In the meantime, please consider ``MaskedPair`` purely a fast container and use
``partialtorch.op(pair, ...)`` instead of ``pair.op(...)`` if not available.

**Note:** You cannot index ``MaskedPair`` with ``pair[..., 1:-1]`` as they acts like tuple of 2 elements when indexed.

### Operations

All registered ops can be accessed like any torch's custom C++ operator by calling ``torch.ops.partialtorch.[op_name]``
(the same way we call native ATen function ``torch.ops.aten.[op_name]``).
Their overloaded versions that accept ``Tensor`` are also registered for convenience
(but return type is always converted to ``MaskedPair``).

```python
import torch, partialtorch

x = torch.rand(5, 5)
px = partialtorch.rand_mask(x, 0.5)

# traditional
pout = torch.ops.partialtorch.sum(px, 0, keepdim=True)
# all exposed ops should be aliased inside partialtorch.ops
pout = partialtorch.ops.sum(px, 0, keepdim=True)
```

Furthermore, we inherit the naming convention of for inplace ops - appending a trailing ``_`` after their names
(``partialtorch.relu`` and ``partialtorch.relu_``).
They modify both data and mask of the first operand inplacely.

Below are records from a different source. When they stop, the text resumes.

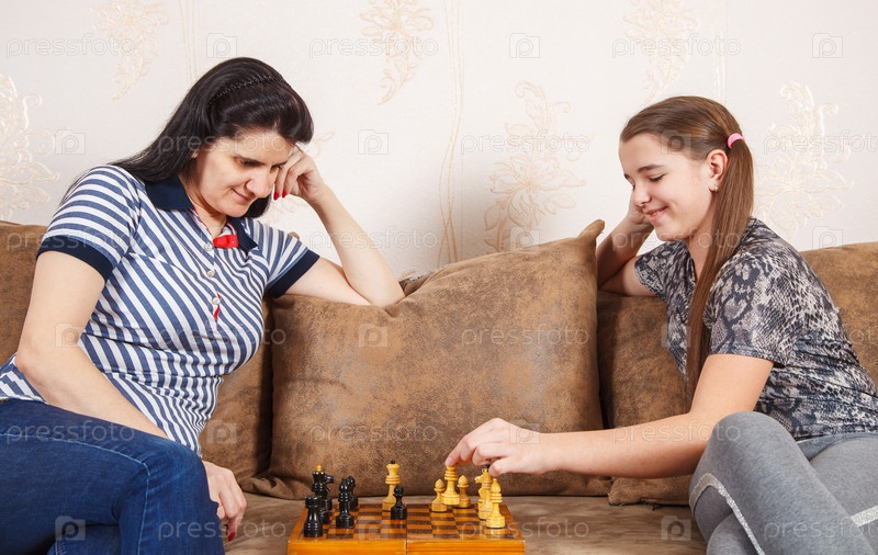 Мама и дочка играют в шахматы дома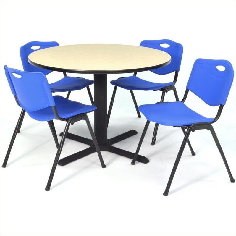 | Regency Round Lunchroom Table and 4 Blue M Stack Chairs in Maple |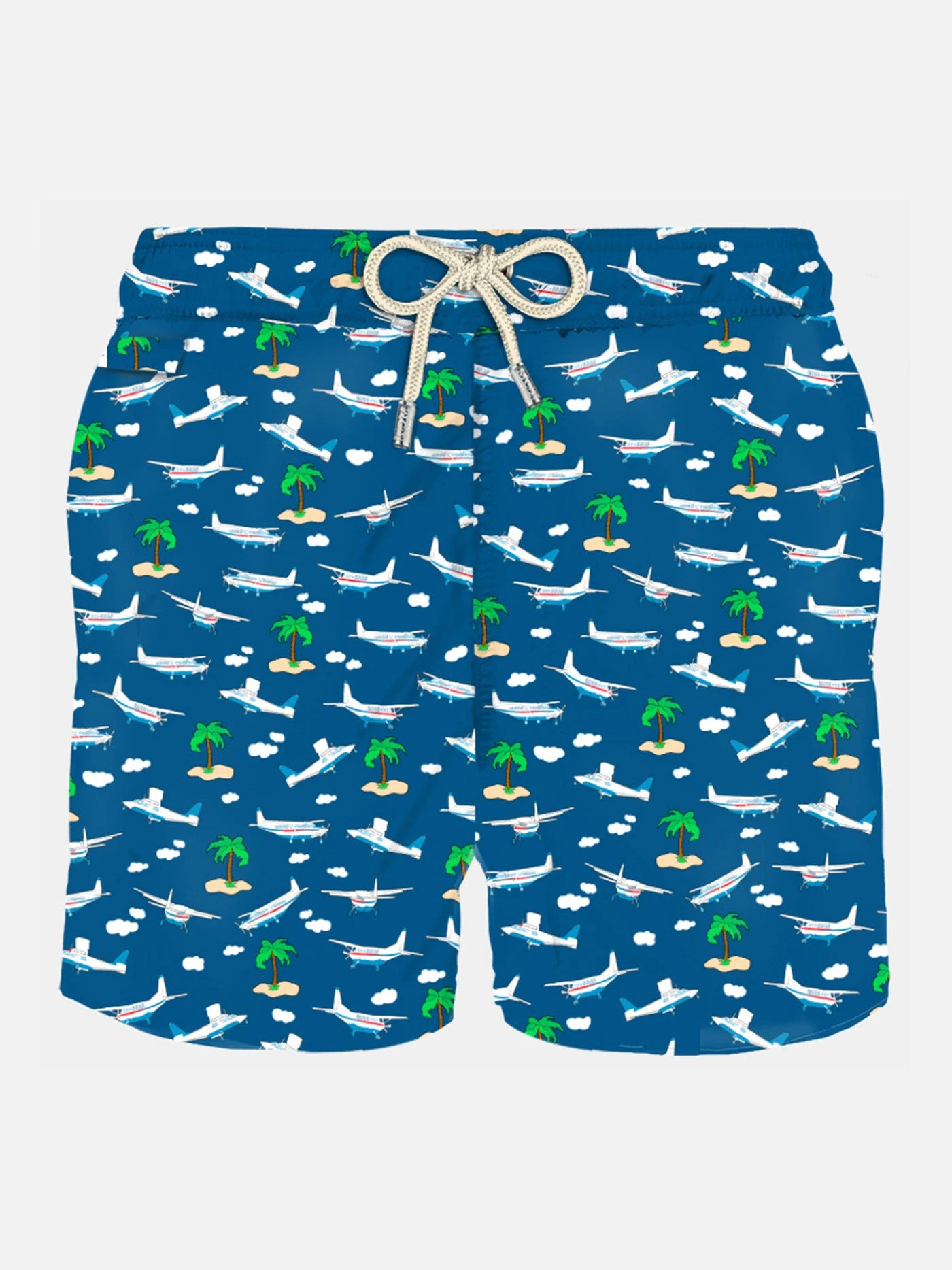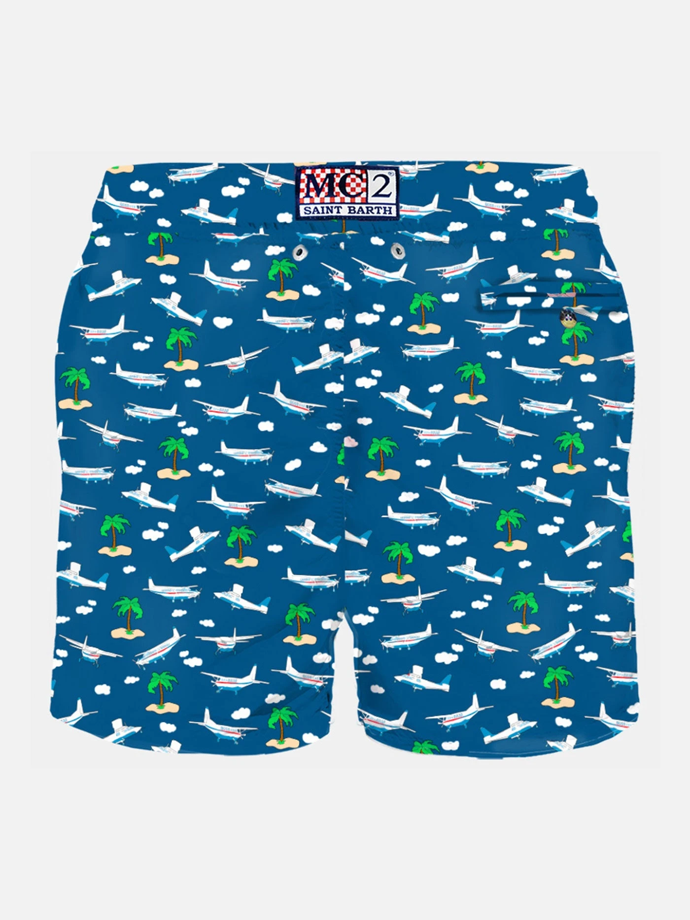 MC2 Saint Barth Man Light Fabric Swim Shorts With Plane And Island Print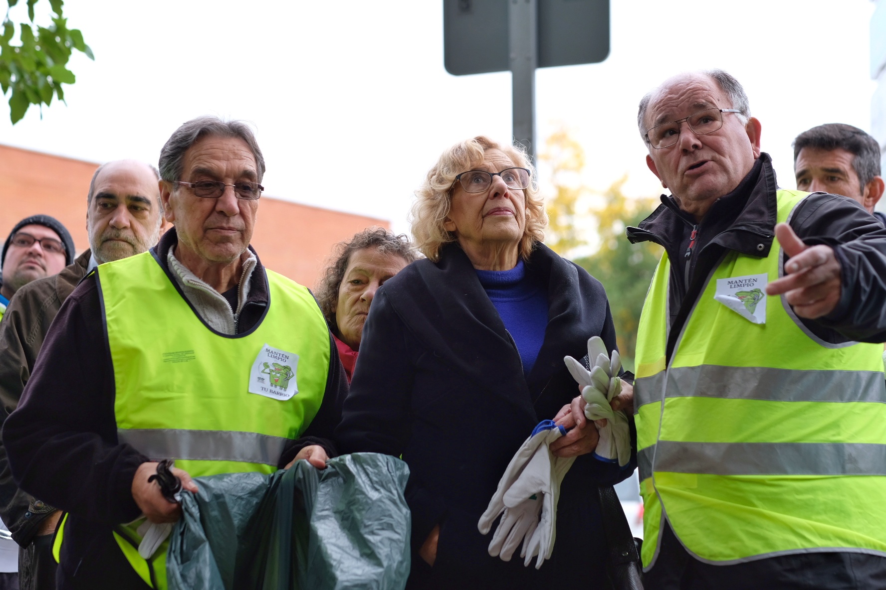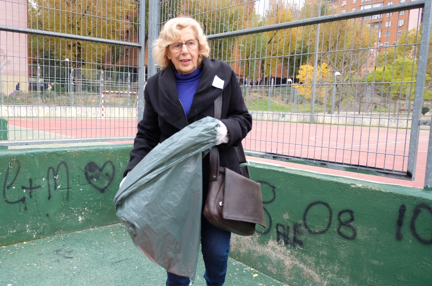Manuela Carmena ya colaboró anteriormente en tareas de limpieza como voluntaria con los vecinos y vecinas del distrito Barajas, con una iniciativa similar a 'Mantén limpio tu barrio' "para dar ejemplo". /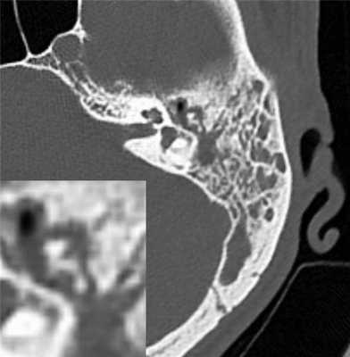 На серии снимков аксиальной компьютерной томографии с последующей трехмерной реконструкцией визуализируются типичные признаки среднего отита: тотальное снижение пневматизации ячеек сосцевидного отростка, антрума и барабанной полости за счет патологического содержимого мягкотканной плотности, без явных признаков некроза височной кости: деструктивных изменений ячеистой структуры сосцевидного отростка, наличия секвестров. Отмечаются также и определенные изменения, нехарактерные для типичной клинической картины среднего отита, но являющиеся сугубо специфическими: наковальня (тело) и молоточек (головка) представляются выраженно кариозно измененными (рис. 2).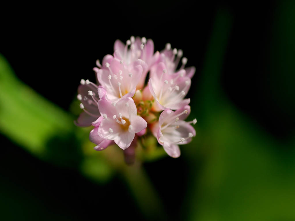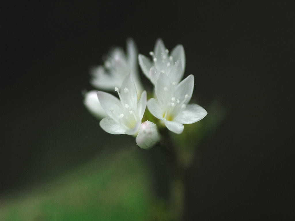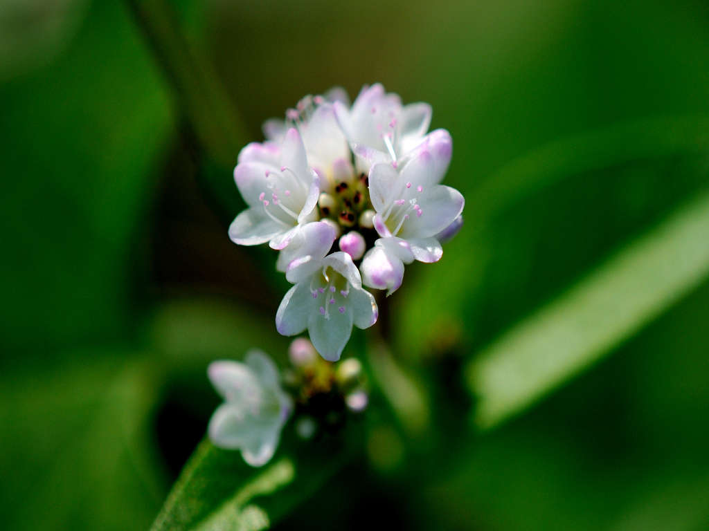 花は小さく、花弁状のガクが5裂 裂片の先は紅色がぼかし状に入っている

The usage is kept as close to the corresponding ``Tensor`` ops as possible.
Hence, further explaination is redundant.
A few examples can be found in [examples](examples) folder.

### Neural Network Layers

Only some layers are implemented in `partialtorch.nn` sub package.

- `PartialConvNd`, `PartialConvTransposeNd`: [examples/partial_conv_example.py](examples/partial_conv_example.py)
- ``MaskedMaxPoolNd``, ``MaskedFractionalMaxPoolNd`` [examples/masked_max_pool_example.py](examples/masked_max_pool_example.py)
- `MaskedBatchNormNd`: [examples/masked_batchnorm_example.py](examples/masked_batchnorm_example.py)
- _More to be added_

## Citation

This code is part of another project of us. Citation will be added in the future.

## Acknowledgements

Part of the codebase are modified from the following repositories:

- https://github.com/pytorch/pytorch
- https://github.com/NVIDIA/partialconv

## License

The code is released under the MIT license. See [`LICENSE.txt`](LICENSE.txt) for details.